Task brief - One range is to be output from the listing below, exactly as written: the line with "オープンフェイスヘルメット 猫 オートバイハーフヘルメット" to the line with "新款【5層】46面寬 玩具收納箱盒抽屜式家用儲物箱(鏤空款 白框架)", both kept.

Data for processing -
Segment Open
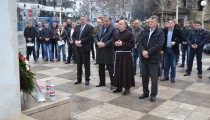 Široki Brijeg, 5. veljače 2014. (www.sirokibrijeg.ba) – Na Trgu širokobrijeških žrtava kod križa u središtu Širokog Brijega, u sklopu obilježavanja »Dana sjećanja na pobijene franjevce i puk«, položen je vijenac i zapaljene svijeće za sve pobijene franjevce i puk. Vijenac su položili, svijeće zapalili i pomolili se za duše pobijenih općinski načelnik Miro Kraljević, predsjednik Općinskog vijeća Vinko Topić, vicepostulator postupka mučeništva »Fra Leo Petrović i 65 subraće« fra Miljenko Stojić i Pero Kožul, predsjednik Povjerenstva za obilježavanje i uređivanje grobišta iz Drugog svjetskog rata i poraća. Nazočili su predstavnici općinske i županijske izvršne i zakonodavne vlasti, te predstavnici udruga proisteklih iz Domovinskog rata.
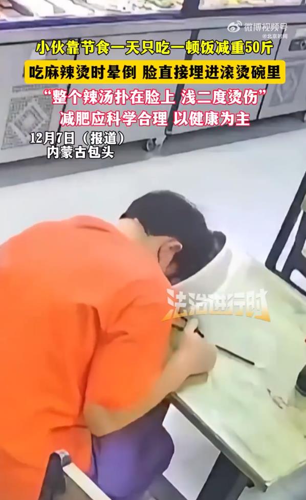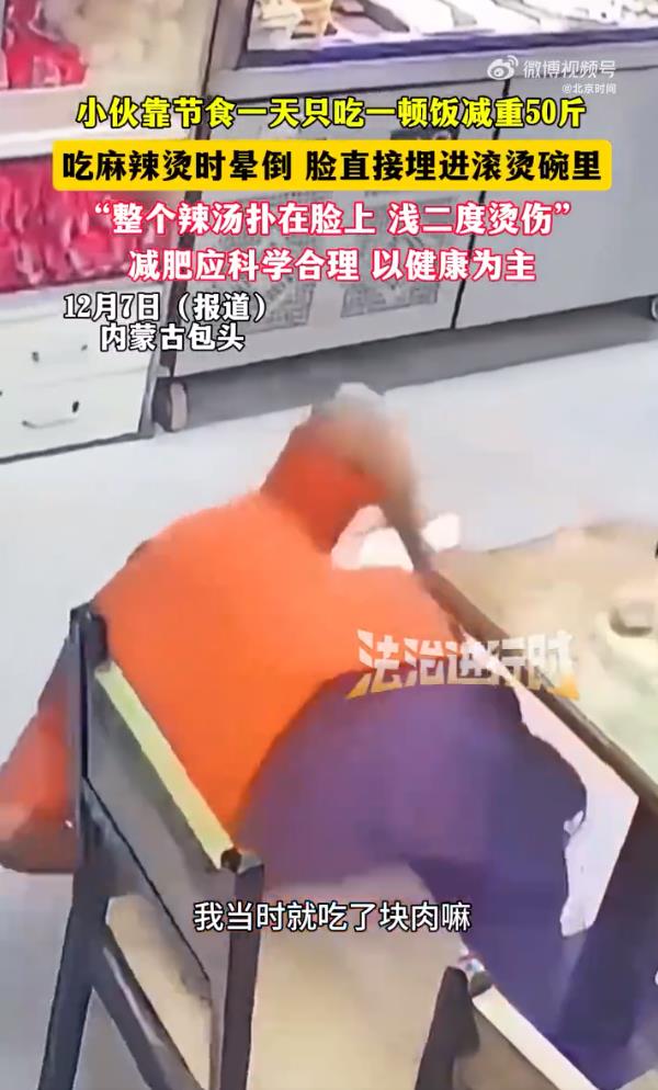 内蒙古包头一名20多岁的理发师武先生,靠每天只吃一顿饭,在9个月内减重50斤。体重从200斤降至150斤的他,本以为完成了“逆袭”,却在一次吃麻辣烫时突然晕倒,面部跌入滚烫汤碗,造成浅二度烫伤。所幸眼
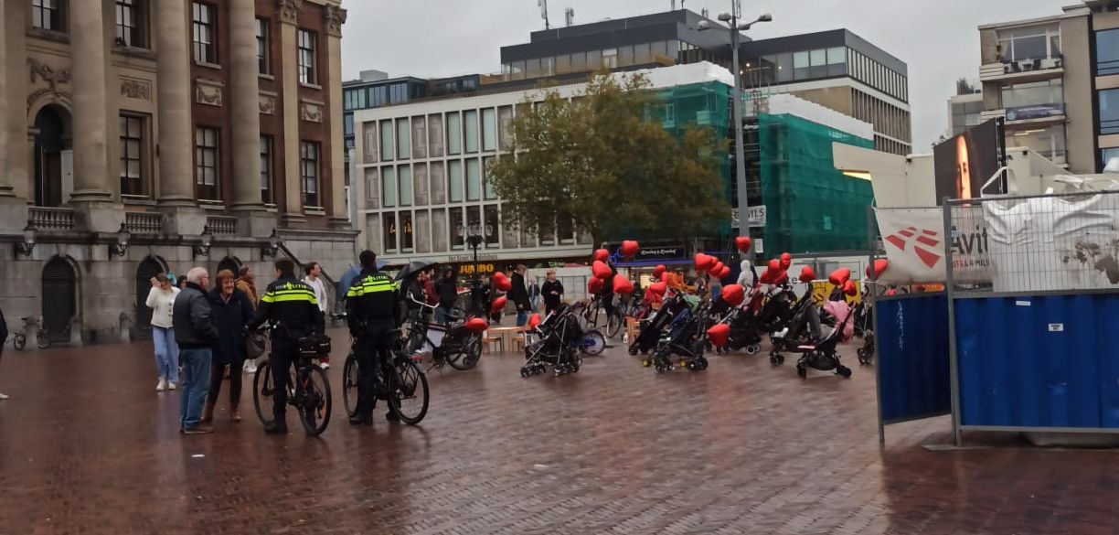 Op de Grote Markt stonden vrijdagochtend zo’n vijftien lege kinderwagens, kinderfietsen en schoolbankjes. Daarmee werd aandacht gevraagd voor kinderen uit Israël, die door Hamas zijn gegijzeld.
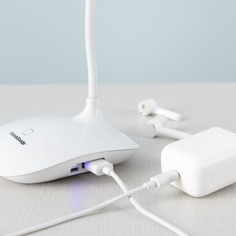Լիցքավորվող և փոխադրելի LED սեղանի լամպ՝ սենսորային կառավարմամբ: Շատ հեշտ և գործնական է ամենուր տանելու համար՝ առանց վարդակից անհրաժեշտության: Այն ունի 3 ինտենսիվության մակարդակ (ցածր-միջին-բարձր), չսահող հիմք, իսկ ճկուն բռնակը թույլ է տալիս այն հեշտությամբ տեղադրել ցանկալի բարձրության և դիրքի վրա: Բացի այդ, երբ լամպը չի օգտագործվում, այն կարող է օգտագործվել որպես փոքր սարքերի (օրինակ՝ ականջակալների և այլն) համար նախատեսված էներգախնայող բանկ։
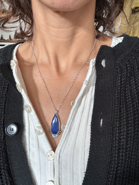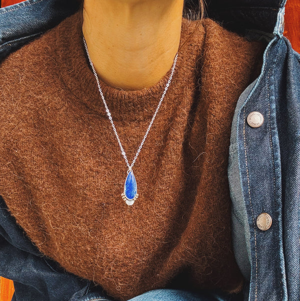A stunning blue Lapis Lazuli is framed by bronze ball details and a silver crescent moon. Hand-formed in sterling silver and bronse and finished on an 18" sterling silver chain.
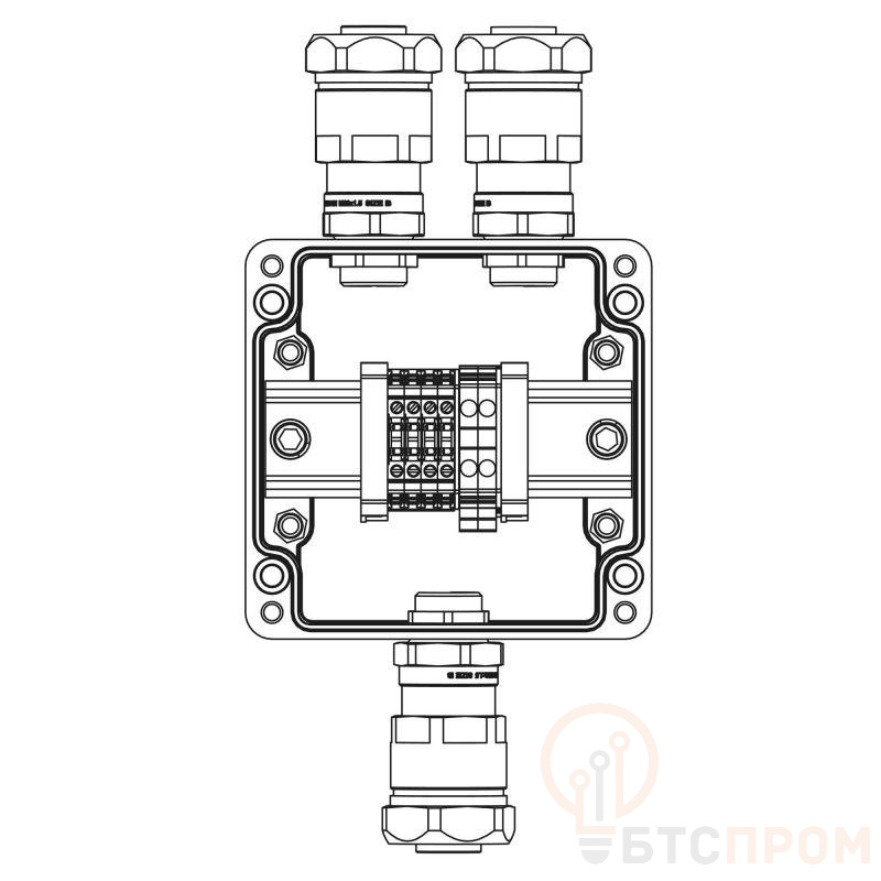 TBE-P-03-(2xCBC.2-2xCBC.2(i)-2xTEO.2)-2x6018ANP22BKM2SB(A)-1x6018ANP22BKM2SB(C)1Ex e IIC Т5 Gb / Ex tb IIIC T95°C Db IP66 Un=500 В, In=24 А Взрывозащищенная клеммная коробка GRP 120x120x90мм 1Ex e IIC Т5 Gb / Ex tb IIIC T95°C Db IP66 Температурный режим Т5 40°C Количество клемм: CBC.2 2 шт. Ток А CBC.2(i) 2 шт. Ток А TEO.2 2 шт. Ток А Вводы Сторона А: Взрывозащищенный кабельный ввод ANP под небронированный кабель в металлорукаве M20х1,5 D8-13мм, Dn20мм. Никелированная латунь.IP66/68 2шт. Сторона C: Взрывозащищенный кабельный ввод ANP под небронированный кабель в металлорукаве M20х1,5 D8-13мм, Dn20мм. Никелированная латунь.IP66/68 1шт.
Segment Closed
Segment Open
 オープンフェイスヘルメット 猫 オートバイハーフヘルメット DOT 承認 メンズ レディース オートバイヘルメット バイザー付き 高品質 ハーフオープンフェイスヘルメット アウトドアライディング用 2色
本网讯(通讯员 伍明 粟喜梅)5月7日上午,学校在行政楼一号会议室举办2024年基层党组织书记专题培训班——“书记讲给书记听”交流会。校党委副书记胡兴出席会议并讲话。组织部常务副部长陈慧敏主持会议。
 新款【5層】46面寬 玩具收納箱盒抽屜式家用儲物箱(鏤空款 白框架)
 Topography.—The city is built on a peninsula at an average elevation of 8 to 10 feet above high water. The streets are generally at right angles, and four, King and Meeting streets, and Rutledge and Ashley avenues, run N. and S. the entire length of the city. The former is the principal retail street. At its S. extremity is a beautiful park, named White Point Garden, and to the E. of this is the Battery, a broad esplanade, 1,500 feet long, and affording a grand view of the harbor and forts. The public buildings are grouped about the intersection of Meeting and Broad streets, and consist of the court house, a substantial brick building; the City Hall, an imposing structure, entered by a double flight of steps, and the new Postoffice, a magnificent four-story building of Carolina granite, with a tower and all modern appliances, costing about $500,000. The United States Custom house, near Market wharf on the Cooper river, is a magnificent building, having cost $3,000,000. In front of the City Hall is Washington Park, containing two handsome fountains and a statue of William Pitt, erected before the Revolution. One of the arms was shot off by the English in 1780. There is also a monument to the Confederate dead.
Segment Closed
Response area -
 オープンフェイスヘルメット 猫 オートバイハーフヘルメット DOT 承認 メンズ レディース オートバイヘルメット バイザー付き 高品質 ハーフオープンフェイスヘルメット アウトドアライディング用 2色
本网讯(通讯员 伍明 粟喜梅)5月7日上午,学校在行政楼一号会议室举办2024年基层党组织书记专题培训班——“书记讲给书记听”交流会。校党委副书记胡兴出席会议并讲话。组织部常务副部长陈慧敏主持会议。
 新款【5層】46面寬 玩具收納箱盒抽屜式家用儲物箱(鏤空款 白框架)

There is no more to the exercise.